The CUDA Advantage: How NVIDIA Came to Dominate AI And The Role of GPU Memory in Large-Scale Model Training

Aidan Pak
9 min readJun 28, 2024

--

With a commanding 85% share of the market and software-level gross margins, NVIDIA’s dominance in the AI chip industry is nothing short of remarkable. However, this success has not gone unnoticed. Last week, the Department of Justice and the Federal Trade Commission reached a deal to launch an antitrust investigation into NVIDIA’s dominant role. As the company continues its impressive run, it begs the question: What differentiates NVIDIA’s chips from the competition, and can they maintain their competitive advantage in the future?

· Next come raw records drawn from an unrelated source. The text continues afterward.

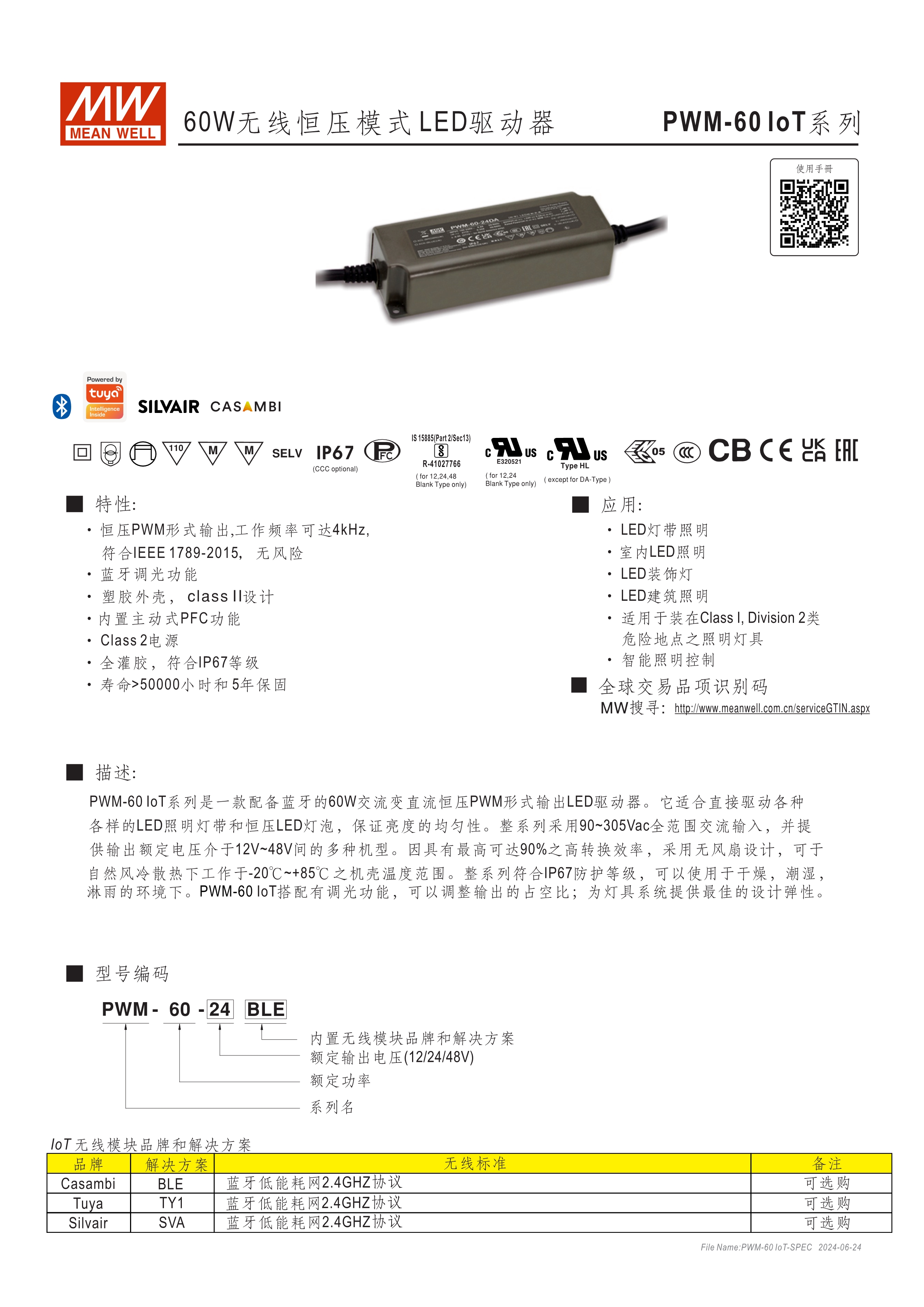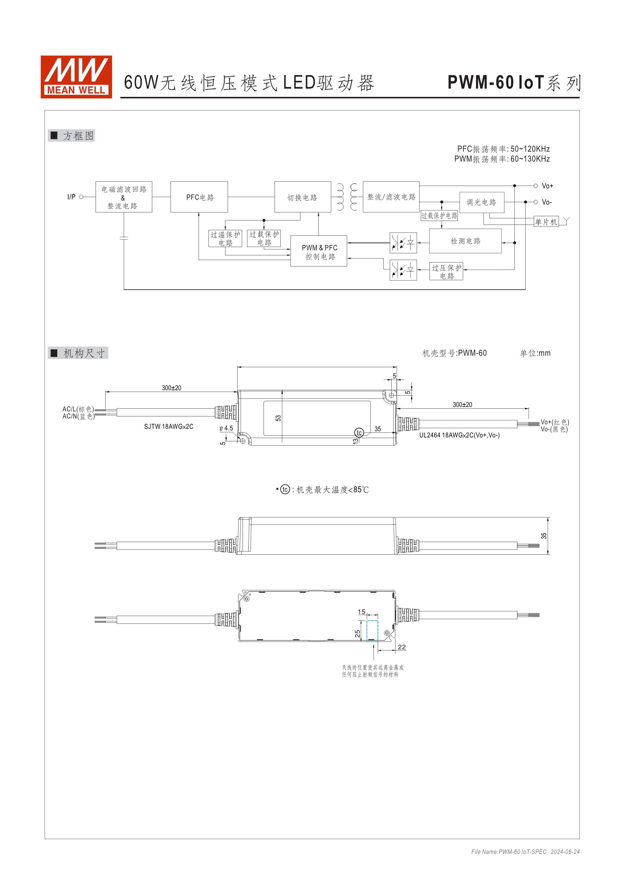 恒壓輸出模式多種可選 (PWM系列) 無(wú)頻閃設(shè)計(jì) 塑料外殼及符合Class II無(wú)地線設(shè)計(jì) 主動(dòng)式PFC設(shè)計(jì) 雷擊保護(hù)耐壓設(shè)計(jì)2KV(L-N) 保護(hù)功能:短路、過(guò)電壓、過(guò)溫度
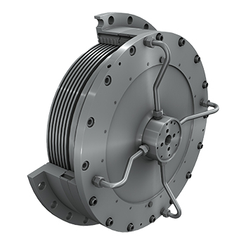 As embreagens e freios hidráulicos operam com placas resfriadas a óleo em um sistema de "funcionamento úmido", utilizando um par de fricção de aço/sinterizado. O acionamento com pressão de óleo a 80 bar, a configuração multidisco e o par de fricção de alto desempenho proporcionam um design compacto e eficiente. Esses componentes apresentam elevados torques, baixa inércia, tempos de comutação rápidos e exigem pouca manutenção. A construção separada permite a instalação de diferentes tamanhos de embreagens e freios, sendo que, por funcionarem em um compartimento selado, não liberam sujeira no ambiente.
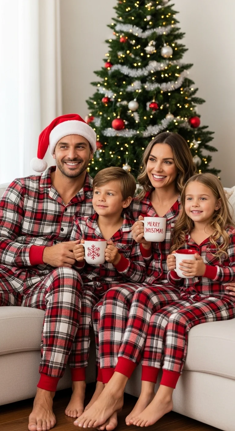 Matching Christmas pajamas are cozy and fun. Perfect for home gatherings and festive photos. Look for cute prints like candy canes, snowflakes, or reindeer. Budget tip: Affordable sets are often under $30. DIY: Customize plain pajamas with fabric paint or iron-on patches. Ideal for relaxed mornings or movie nights with family.
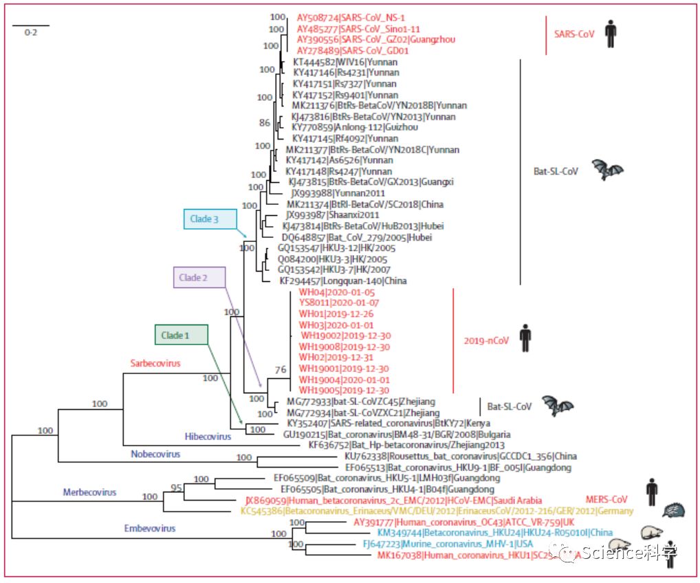 第三,2019-nCoV与其近亲bat-SL-CoVZC45和bat-SL-CoVZXC21之间的序列同源性小于90%,因此,bat-SL-CoVZC45和bat-SL-CoVZXC21不是2019-nCoV的直接祖先。
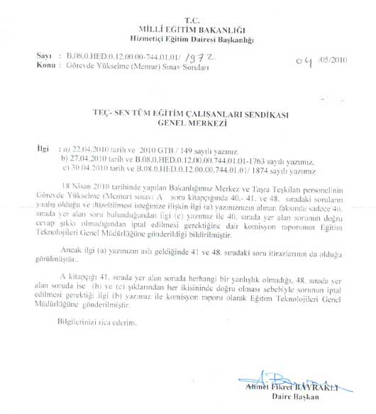 18.04.2010 tarihli MEB Merkez ve Taşra Teşkilatı Personeline Yönelik Görevde Yükselme Sınavında A kitapçığının 40., 41. ve 48. sorularının hatalı olduğu iddiasıyla sendikalar tarafında yapılan itirazları değerlendirdi.
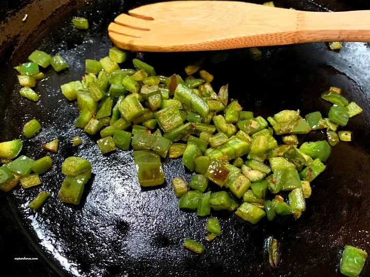 • Sauté the jalapeños over medium high heat until tender and slightly charred.
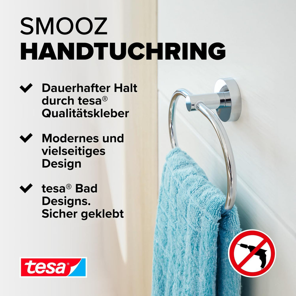 tesa SMOOZ Handtuchring, verchromt - Handtuchhalter-Ring oval - zur Wandbefestigung ohne Bohren, ink
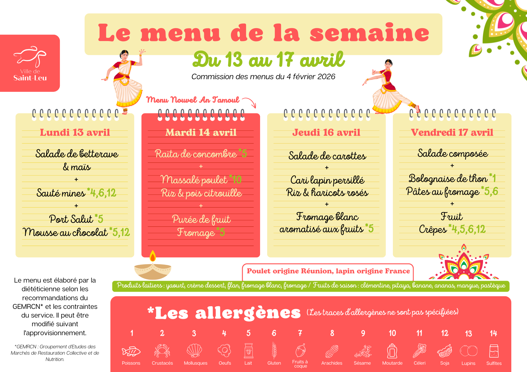Un menu spécial Nouvel An Tamoul sera servi dans les écoles de Saint-Leu mardi 14 avril.
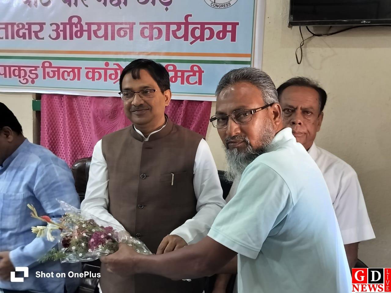 पाकुड़ | “वोट चोर, गद्दी छोड़” — इसी नारे के साथ बुधवार को कांग्रेस ने भाजपा सरकार के खिलाफ बड़ा जनअभियान छेड़ दिया। अखिल भारतीय कांग्रेस कमेटी के सचिव एवं प्रदेश सह प्रभारी डॉ. सीरिवेला प्रसाद, झारखंड प्रदेश कांग्रेस कमेटी के कार्यकारी अध्यक्ष शहजादा अनवर और पाकुड़ विधायक निसात आलम के नेतृत्व में इस हस्ताक्षर अभियान की शुरुआत पाकुड़ सदर प्रखंड और हिरणपुर प्रखंड के मोहनपुर से की गई। इस मौके पर प्रदेश सचिव सेमिनुल इस्लाम, जिला अध्यक्ष कुमार सरकार, प्रखंड पर्यवेक्षक अशोक कुमार दास, जिला कोषाध्यक्ष असद हुसैन, देबू विश्वास, जिला परिषद सदस्य मंजुला हसदा, रामविलास महतो सहित बड़ी संख्या में कांग्रेस कार्यकर्ता मौजूद रहे।
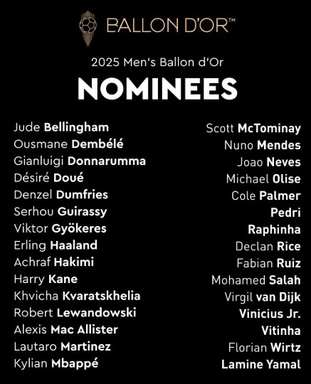 Nominated with the African trio are Chelsea’s Cole Palmer, Real Madrid’s Kylian Mbappe, FC Barcelona’s Lamine Yamal, among others. Yamal has also been nominated for the Young Player (Kopa) Award.
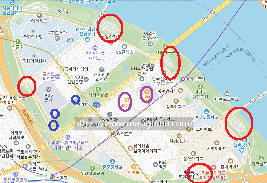 위의 지도에서 파란색 선이 행사 장소입니다. 여의도 국회를 돌면서 축제가 펼쳐집니다.
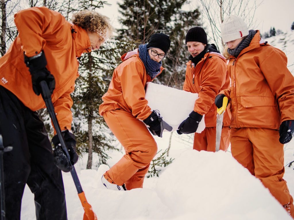 Mit Sägen und Schaufeln ausgestattet machen sich die Teilnehmer von Hittisau im Bregenzerwald aus auf den Weg, um mitten in der Winternatur einen Iglu zu bauen. Mit wasserdichter Kleidung und dem passenden Equipment ausgestattet, beginnen sie unter Anleitung Blöcke aus dem Eis zu sägen und diese mithilfe der richtigen Technik aneinanderzusetzen. Das rege Werkeln an der frischen Luft wird von Pausen mit wärmenden Getränken und stärkender Jause am gemütlichen Feuer unterbrochen. Das Programm beginnt um 9 Uhr, um 18 Uhr kommt man zurück ins Dorf – oder verbringt die Nacht im Iglu.
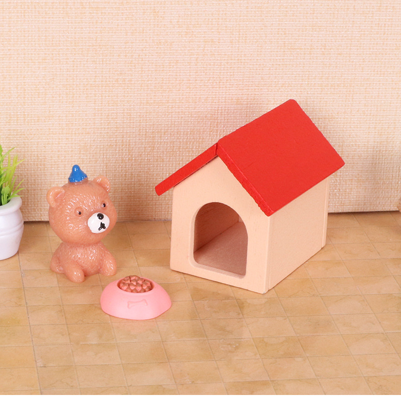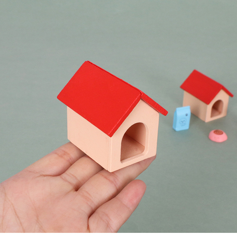 국경 인형 집 장식 액세서리 미니 시뮬레이션 강아지 애완 동물 오두막 창조적 인 모델 마이크로 풍경 나무 장식품스토어 가기
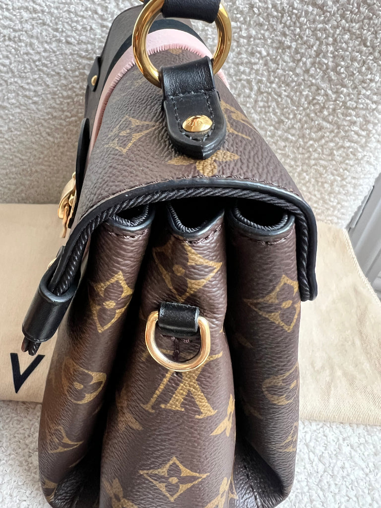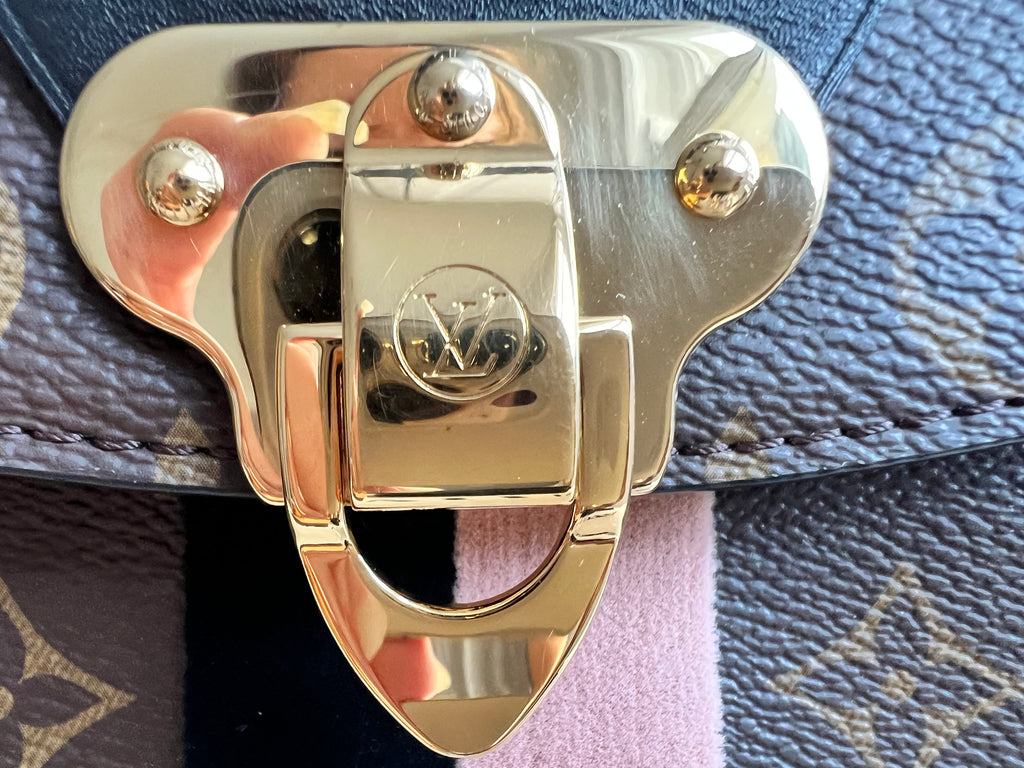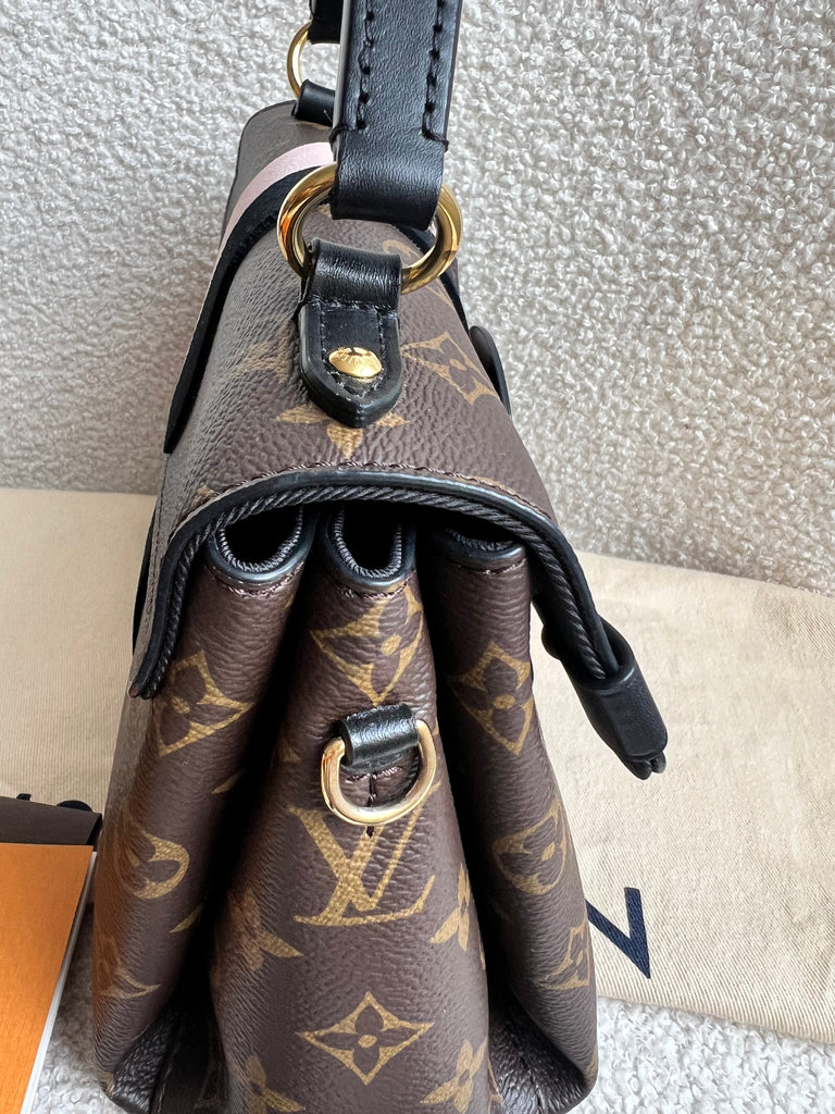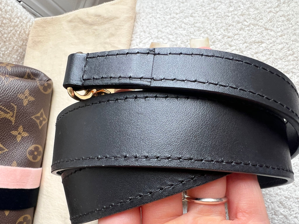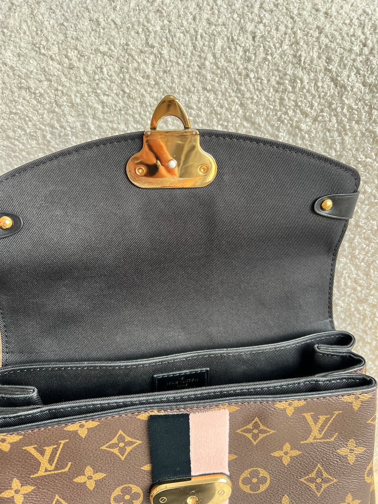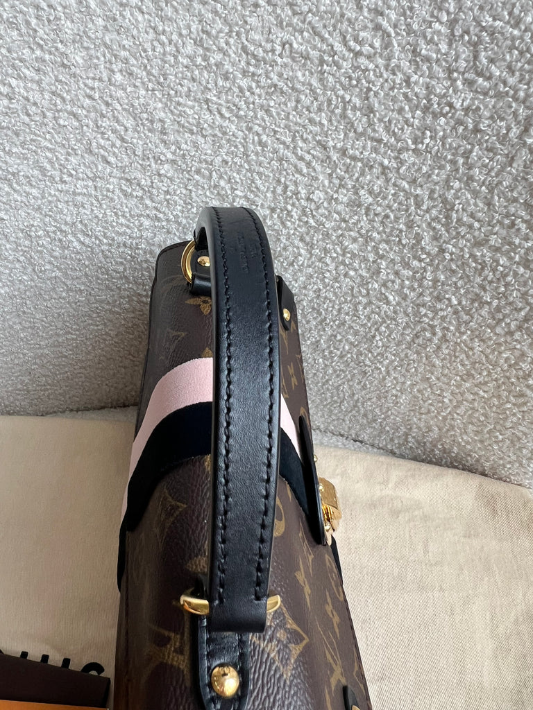 Louis Vuitton Georges BB bag in Monogram and black and pink stripe. Named after Georges Vuitton, this style was released in 2018 and is no longer available at LV. This top handled bag offers multiple carry options - by hand, on the crook of the arm, or over the shoulder using the removable leather strap. Compact and structured, but reasonably roomy in this BB size. Ideal day to day bag which holds a reasonable amount inside. 2019 year.

Background on Neural Networks and The Role of GPUs in Training

Neural networks are learned functions that model complex relationships between input and output data. They are trained by batch-feeding vast amounts of data through the network and iteratively tasking it with predicting the output. The prediction computed in each iteration is compared to the expected output to compute a loss, which measures the error in the model. This process of feeding data forward through the neural network to compute a loss is called the forward pass. Then, the loss obtained from the forward pass is propagated back through the network with the goal of minimizing the error by adjusting the model’s parameters. This is done through a process called the backward pass where gradients are computed with respect to each parameter, which measure how much the parameter contributes to the overall error, and applying an optimization algorithm (ie: gradient descent) to minimize the error by optimally updating each parameter.

Source: Medium

Training deep neural networks is a computationally demanding process due to the immense number of matrix operations involved. Calculating activations and optimizing the model’s parameters require computing dense matrix multiples, which demand a significant number of independent operations due to the vast number of individual elements that need to be processed to achieve the final result. Moreover, the self-attention mechanism introduced in the transformer architecture significantly increased the number of matrix operations involved in training. For reference, training GPT-4, a 1.8 trillion parameter transformer, required approximately 2.15 x 10²⁵ floating point operations (FLOPS). However, the beauty in matrix multiplication is that the element-wise operations within the larger computation can be computed concurrently, making matrix multiplication highly parallelizable. This means that the process of training neural networks can be significantly accelerated by parallelizing the independent operations across many processors.

Source: Medium

Unlike CPUs, GPUs are specialized chips equipped with thousands of cores, allowing them to execute millions of threads simultaneously. Using networking technology like NVLink and Infiniband, many GPUs can be “strung” together into clusters, increasing the number of available cores working on a given task. This allows clusters of GPUs to significantly accelerate the process of training deep neural networks. To train GPT-4, OpenAI deployed 25,000 NVIDIA A100 GPUs, reducing the training time to about 90–100 days. Using a single A100 GPU, which can perform 19.5 trillion flops per second, it would take approximately 35,000 years to train the entire model assuming perfect compute utilization (which is infeasible).

The Memory Wall

Thanks to the remarkable advancements in peak GPU computational throughput driven by Moore’s Law, the efficiency of computing matrix multiples is no longer the primary bottleneck when training large-scale deep learning models. Instead, memory and networking constraints introduced by the sheer size of today’s models and the necessity for frequent data transfers leave GPUs relatively inefficient during training. Even with heavy optimizations, Model FLOPs Utilization (MFU) of 35% is considered best-in-class for training trillion-parameter models.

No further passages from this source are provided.